Task statement:
If an entry below contains an image, drop the image and retype the rest exactly.

== Dataset content ==

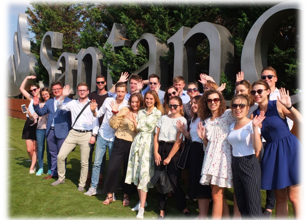
Wizyta studyjna studentów Uniwersytetu Ekonomicznego w Poznaniu w Santander Global Head Office, Boadilla del Monde (Hiszpania).

Więcej o naszym zaangażowaniu w edukację znajdą Państwo w raporcie rocznym CSR: raport.santander.pl
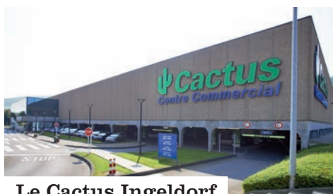
Le Cactus Ingeldorf
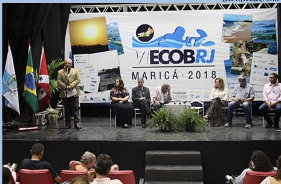
Cerimônia de Abertura da início ao VI ECOB RJ

A sexta edição do ECOB RJ – Encontro Estadual de Comitês de Bacias Hidrográficas do Estado do Rio de Janeiro foi realizado nos dias 16 e 17 diante de um auditório lotado em Maricá/RJ.
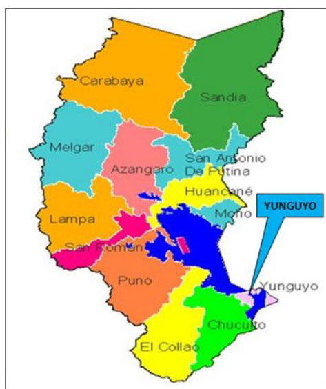
Figura 1: MAPA DEL DEPARTAMENTO DE PUNO
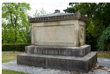
Le tombeau du comte d'Orsay, dans l'ancien cimetière.
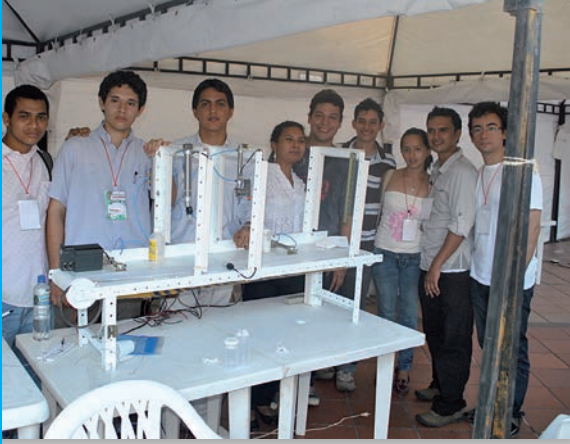
Automatismo para envasado y sellado de recipientes, presentado por los estudiantes del curso de Automatización de La Universidad de los Llanos.

El pasado 27 de mayo se llevó a cabo en la plazoleta de eventos de La Sabana Centro Comercial, la Tercera Muestra Regional de Proyectos de Ingeniería . La realización de este evento estuvo a cargo del Centro de Proyección Social de la Facultad de Ciencias Básicas e Ingenierías de la Universidad de los Llanos. En el evento participaron además de UNILLANOS, la Universidad Militar Nueva Granada, la Distrital Francisco José De Caldas, la Corporación Universitaria del Meta, la Universidad Antonio Nariño, la Fundación CIDCA y el Colegio Técnico Industrial. Las áreas de desarrollo de la muestra fueron: Automatización, Instrumentación y Bioingeniería.
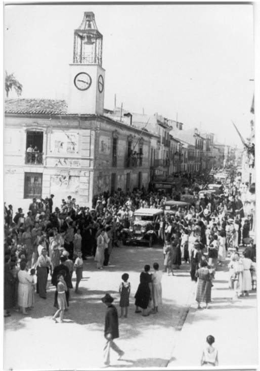
Figura 2. Casa Ayuntamiento antiguo, con torre.1935.

ocasiones, era el mismo sacristán el que desempeñaba el cargo de relojero 9 de la Villa. El reloj marcaba las horas y medias en conjunción con las campanas; no solo los actos religiosos y el comienzo y final de la vida laboral, sino también las horas que regulaban las tandas de riego de la huerta para dar aviso a los regantes del reparto y distribución del agua en las acequias, según las ordenanzas y costumbres de la huerta de Murcia. En el refranero huertano, se decía «Tu tanda si no has de regar, déjala pasar; también, agua que no has de beber, déjala correr, porque, es sabido que, sobras de arriba, dotación de abajo», o para las acequias sin tanda «el que está denantes bebe antes» (Díaz Cassou, 1889). En 1930, la agrupación municipal decidió construir una torre en la esquina de la Casa Ayuntamiento para instalar el reloj público de cuatro esferas adquirido en la relojería Blasco y Liza de Roquetas (Tarragona), por la cantidad de 9.800 pts. (Figura 2), inaugurado en la festividad de San Pedro 10 , desde donde se seguiría marcando las tandas de riego de la huerta de Alcantarilla.
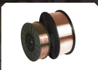
Drut stalowy (SG2) Drut ze stali nierdzewnej (316LSi)
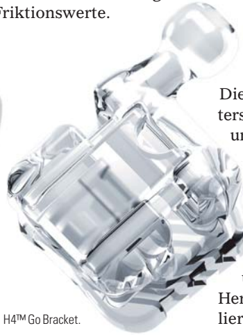
H4™ Go Bracket.

H4™ Go, das vollkommen transparente selbstligierende Bracket aus den USA, wird höchsten ästhetischen Ansprüchen gerecht. Hergestellt aus einem Hybridmaterial mit hohem Keramikfüllanteil, bietet es eine hohe Stabilität in Kombination mit problemlosem Bonding und Debonding. Der Schiebemechanismus ist aus anderen Systemen bekannt und bewährt. Das Material weist geringste Friktionswerte auf. Außerdem wurde das selbstligierende Keramikbracket ClearViz+™ SL in das Lieferprogramm aufgenommen. Die Rhodiumbeschichtete Klappe liegt mit einem Punktkontakt auf dem Bogen und bietet ebenso äußerst geringe Friktionswerte.
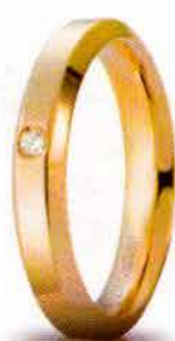
Oro giallo ct. 0.03
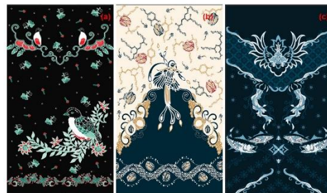
Gambar 1. Motif batik: (a) Burung Paok, (b) Bahan kimia alam lokal, dan (c) Cakalang.

Dari eksplorasi ini, beberapa motif batik tercipta dengan merek KhairunQu Batik. Burung Paok dikembangkan menjadi motif yang melambangkan ketahanan dan keunikan daerah (Gambar 1.a). Unsur alami lokal tersebut diwujudkan dalam desain yang menonjolkan keanekaragaman hayati eksotis di wilayah tersebut (Gambar 1.b). Cakalang, sumber daya laut yang menjadi pusat kehidupan masyarakat setempat, menginspirasi sebuah motif yang merepresentasikan budaya maritim Maluku Utara (Gambar 1.c).
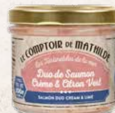
TARTI0020 DUO DE SAUMON CRÈME & CITRON VERT 100G
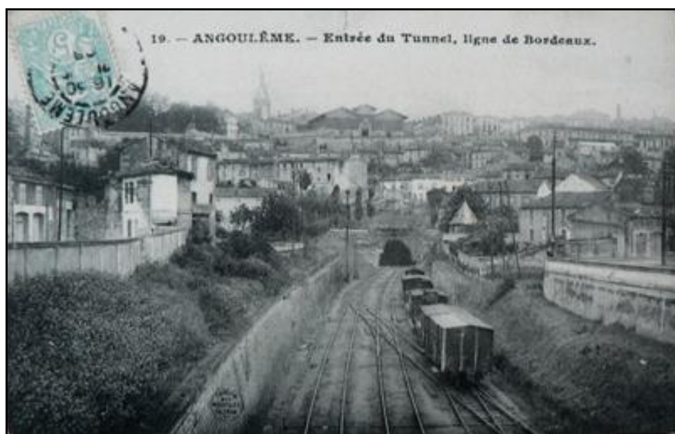
Ci-dessus et ci-dessous, l'entrée du tunnel, du temps de la vapeur
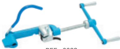
REF : 0029
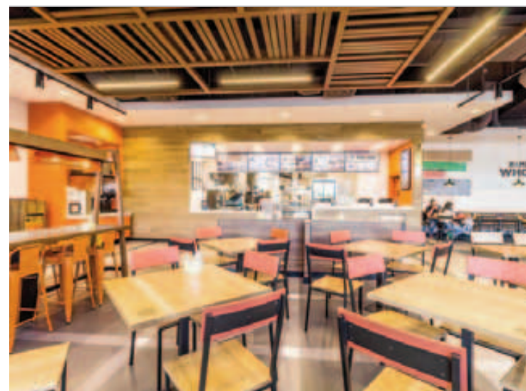
Uno de los restaurantes Burger King que gestiona el grupo lojeño.
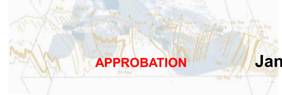
PLANCHE 1 Echelle 1/5000
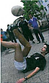
À Gasperich, des animations ont complété la soirée.
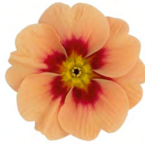
eblo® creme Rotauge
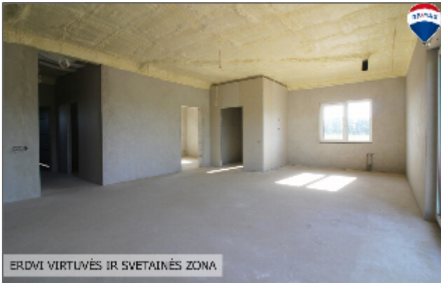
ERDVĪ VIRTUVĒS IR SVETAINĒS ZONA
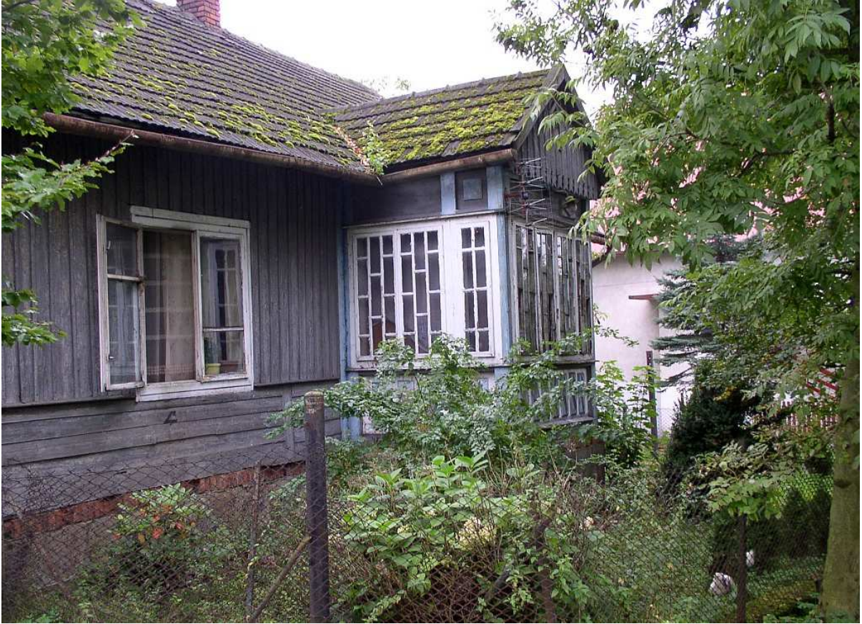
Fot. nr 52. Lewa strona domu z zasklonym gankiem pośrodku.
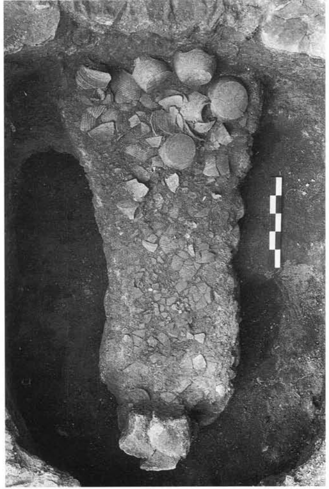
Fig. 3. Amas de pièces écrasées par l'éroulement du four 187 D en fin de cuisson.

La datation par l'archéomagnétisme du four le mieux conservé plaçait son abandon au milieu du XIII e siècle ; une révision récente le rajeunit quelque peu. De nouvelles études de l'archéomagnétisme devraient permettre de préciser davantage ces notions encore bien fluctuantes pour plusieurs sites de la région.

===

Solution to this problem:
Wizyta studyjna studentów Uniwersytetu Ekonomicznego w Poznaniu w Santander Global Head Office, Boadilla del Monde (Hiszpania).

Więcej o naszym zaangażowaniu w edukację znajdą Państwo w raporcie rocznym CSR: raport.santander.pl
Le Cactus Ingeldorf
Cerimônia de Abertura da início ao VI ECOB RJ

A sexta edição do ECOB RJ – Encontro Estadual de Comitês de Bacias Hidrográficas do Estado do Rio de Janeiro foi realizado nos dias 16 e 17 diante de um auditório lotado em Maricá/RJ.
Figura 1: MAPA DEL DEPARTAMENTO DE PUNO
Le tombeau du comte d'Orsay, dans l'ancien cimetière.
Automatismo para envasado y sellado de recipientes, presentado por los estudiantes del curso de Automatización de La Universidad de los Llanos.

El pasado 27 de mayo se llevó a cabo en la plazoleta de eventos de La Sabana Centro Comercial, la Tercera Muestra Regional de Proyectos de Ingeniería . La realización de este evento estuvo a cargo del Centro de Proyección Social de la Facultad de Ciencias Básicas e Ingenierías de la Universidad de los Llanos. En el evento participaron además de UNILLANOS, la Universidad Militar Nueva Granada, la Distrital Francisco José De Caldas, la Corporación Universitaria del Meta, la Universidad Antonio Nariño, la Fundación CIDCA y el Colegio Técnico Industrial. Las áreas de desarrollo de la muestra fueron: Automatización, Instrumentación y Bioingeniería.
Figura 2. Casa Ayuntamiento antiguo, con torre.1935.

ocasiones, era el mismo sacristán el que desempeñaba el cargo de relojero 9 de la Villa. El reloj marcaba las horas y medias en conjunción con las campanas; no solo los actos religiosos y el comienzo y final de la vida laboral, sino también las horas que regulaban las tandas de riego de la huerta para dar aviso a los regantes del reparto y distribución del agua en las acequias, según las ordenanzas y costumbres de la huerta de Murcia. En el refranero huertano, se decía «Tu tanda si no has de regar, déjala pasar; también, agua que no has de beber, déjala correr, porque, es sabido que, sobras de arriba, dotación de abajo», o para las acequias sin tanda «el que está denantes bebe antes» (Díaz Cassou, 1889). En 1930, la agrupación municipal decidió construir una torre en la esquina de la Casa Ayuntamiento para instalar el reloj público de cuatro esferas adquirido en la relojería Blasco y Liza de Roquetas (Tarragona), por la cantidad de 9.800 pts. (Figura 2), inaugurado en la festividad de San Pedro 10 , desde donde se seguiría marcando las tandas de riego de la huerta de Alcantarilla.
Drut stalowy (SG2) Drut ze stali nierdzewnej (316LSi)
H4™ Go Bracket.

H4™ Go, das vollkommen transparente selbstligierende Bracket aus den USA, wird höchsten ästhetischen Ansprüchen gerecht. Hergestellt aus einem Hybridmaterial mit hohem Keramikfüllanteil, bietet es eine hohe Stabilität in Kombination mit problemlosem Bonding und Debonding. Der Schiebemechanismus ist aus anderen Systemen bekannt und bewährt. Das Material weist geringste Friktionswerte auf. Außerdem wurde das selbstligierende Keramikbracket ClearViz+™ SL in das Lieferprogramm aufgenommen. Die Rhodiumbeschichtete Klappe liegt mit einem Punktkontakt auf dem Bogen und bietet ebenso äußerst geringe Friktionswerte.
Oro giallo ct. 0.03
Gambar 1. Motif batik: (a) Burung Paok, (b) Bahan kimia alam lokal, dan (c) Cakalang.

Dari eksplorasi ini, beberapa motif batik tercipta dengan merek KhairunQu Batik. Burung Paok dikembangkan menjadi motif yang melambangkan ketahanan dan keunikan daerah (Gambar 1.a). Unsur alami lokal tersebut diwujudkan dalam desain yang menonjolkan keanekaragaman hayati eksotis di wilayah tersebut (Gambar 1.b). Cakalang, sumber daya laut yang menjadi pusat kehidupan masyarakat setempat, menginspirasi sebuah motif yang merepresentasikan budaya maritim Maluku Utara (Gambar 1.c).
TARTI0020 DUO DE SAUMON CRÈME & CITRON VERT 100G
Ci-dessus et ci-dessous, l'entrée du tunnel, du temps de la vapeur
REF : 0029
Uno de los restaurantes Burger King que gestiona el grupo lojeño.
PLANCHE 1 Echelle 1/5000
À Gasperich, des animations ont complété la soirée.
eblo® creme Rotauge
ERDVĪ VIRTUVĒS IR SVETAINĒS ZONA
Fot. nr 52. Lewa strona domu z zasklonym gankiem pośrodku.
Fig. 3. Amas de pièces écrasées par l'éroulement du four 187 D en fin de cuisson.

La datation par l'archéomagnétisme du four le mieux conservé plaçait son abandon au milieu du XIII e siècle ; une révision récente le rajeunit quelque peu. De nouvelles études de l'archéomagnétisme devraient permettre de préciser davantage ces notions encore bien fluctuantes pour plusieurs sites de la région.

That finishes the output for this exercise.